Let $R$ be a commutative ring, $M$ be an $R$ module and $m\in M$.
I am trying to prove or disprove that $M/ann(m)$ is an injective $R$ module. Any suggestions are welcome.
I am expecting the answer to be yes. I was trying to prove that given any $R$ module $M$ there exists an $R$ module $I$ with an injective morphism $M\rightarrow I$ i.e., to prove that there are enough injectives in the category of $R$ modules. Idea is to prove that the above quotient is an injective module and so is the product of quotients over all elements of $M$ with natrural (which I expect to be injective)map $M\rightarrow \prod_{m\in M} M/ann(m)$.

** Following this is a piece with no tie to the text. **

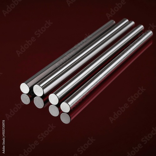 Four shiny metal rods arranged parallel on a reflective surface.

This is usually not true (indeed, it's harder to come up with a nontrivial example where it is true than one where it isn't true). For instance, take $R=M=\mathbb{Z}$ and $m=1$. Then $ann(m)=0$, so $M/ann(m)=\mathbb{Z}$ which is not an injective $\mathbb{Z}$-module.
For an example where $ann(m)M$ is nonzero, take $R=\mathbb{Z}$, $M=\mathbb{Z}/2\mathbb{Z}\oplus\mathbb{Z}$, and $m=(1,0)$. Then $ann(m)=2\mathbb{Z}$ and $M/ann(m)=\mathbb{Z}/2\mathbb{Z}\oplus\mathbb{Z}/2\mathbb{Z}$ is not injective.
Really, I cannot see any reason why you would expect something like this to be true. If you do not have any motivating examples or any inkling of how to prove a similar statement, there is no reason at all to imagine you are on the right track.